My ears were suddenly filled with high-volume moaning, sighing and gulps for air. The sounds our bodies make when excesses of pleasure and pain push language past mere words. Terrible, beautiful, animalistic music.
That’s what my ears heard. Within his violent kisses I felt his voice. Smooth and deep like silk boxers that give me erections as I walk. And that’s exactly what his voice was doing to me. He wasn’t necessarily saying anything. I can’t recall specific words. But events in my life were being narrated by our twisting tongues. He knew things about me.
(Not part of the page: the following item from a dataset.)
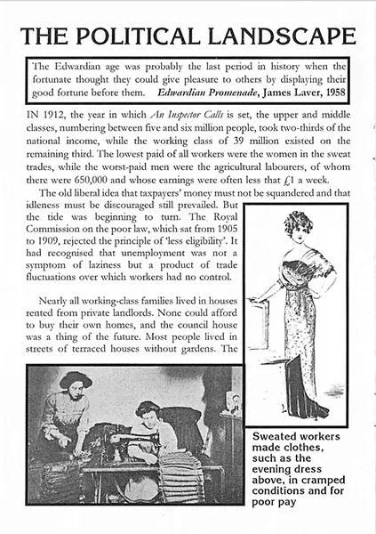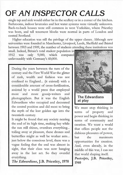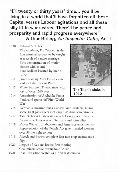 Priestley wrote An Inspector Calls in the last weeks of the second world war. He set the piece in 1912, and by pitching the Edwardian mindset of a comfortable middle class family against the brave new post war vision of the mysterious Inspector Goole, Priestley challenges us all to think about our role and responsibility in society, and to show care and compassion to the needy.

Things I’ve never told anyone.
He knew that I sat at my father’s bedside for three days as he rotted with cancer, and that just before he started that gasp for air that signaled the end, my father’s last words to me were: “You disappointed me.”
He knew that it was me who burned a swastika on the side of an old dead tree by my house with a butane torch I stole from school when I was ten. (I wasn’t being anti-Semitic. I didn’t understand what it meant. I had a crush on the only white guy at my school, and he had it on his pee chee folder. I wanted him to notice me.)
He knew the terror I felt later that night as the sky exploded in amber when the tree that smoldered quietly all day ignited.
He knew the shame I felt as a child when we would have to sleep on the floor during certain holidays so we wouldn’t be struck by random bullets coming from intoxicated, hot guns and how I prayed for God to make me an angel before dawn so that I could fly myself out of that barrio for good.
He knew that I reached around and felt my sharp shoulder blades protruding and that that’s all that they were. That I was simply a child testing the existence of God.
He knew that my lover, reeling with AIDS dementia, forgot that he was gay, that I was his lover, or even who I was, which allowed his family, with their high-priced lawyers, to lock me out of our home. And that after a while I just couldn’t fight them anymore. He died without me.
He knew these things about me. These profane ordeals in my life. And I still wanted him. My shirt was drenched with sweat that turned icy in that night that turned black while my eyes were closed. I pulled away unable to catch my breath. I tried to stand, to flee. I felt light-headed. The blood that supplies my brain with oxygen was pulsing in my lips and groin. He steadied me and pulled me back onto his lap. Before I could scream, I heard the ripping of the seam of my pants. He impaled me onto what felt like a knife, cold and hard like his lips started out, but soon it seared me inside. He sat there, motionless, with me on top kicking and flailing. No thrusting, no sounds, no more words.
With his mouth he punctured and gnawed on the back of my neck. I felt my spinal cord being sucked out of my neck and out of my ass. I prayed that the wetness that soaked my pants was my piss and not my blood mixed with his cum. He squeezed my torso to the point where things went black. Then a bright electric jolt shot through me with such force that my fingernails and nose shot blood into the dirt.
“Goddamn…that felt good.” Did I say that or did he?
I awoke sitting erect on that bench, my head thrown skyward. The sounds of sirens all around me. Intense hot breath enveloped my aching body. The violent suns that illuminated the black fog were in reality a series of palm trees engulfed in balls of flames. They surrounded me on all sides. Black ash snowed upon me and all I could do was sit there and cry.
All that I have left are burn scars, bad dreams and three cranberry-colored, crescent-shaped hickeys on the back of my neck that won’t go away no matter how hard I scrub. If you’d like me to show them to you, put on your hiking boots, bring your faith, and meet me at the park some sacred Sunday afternoon.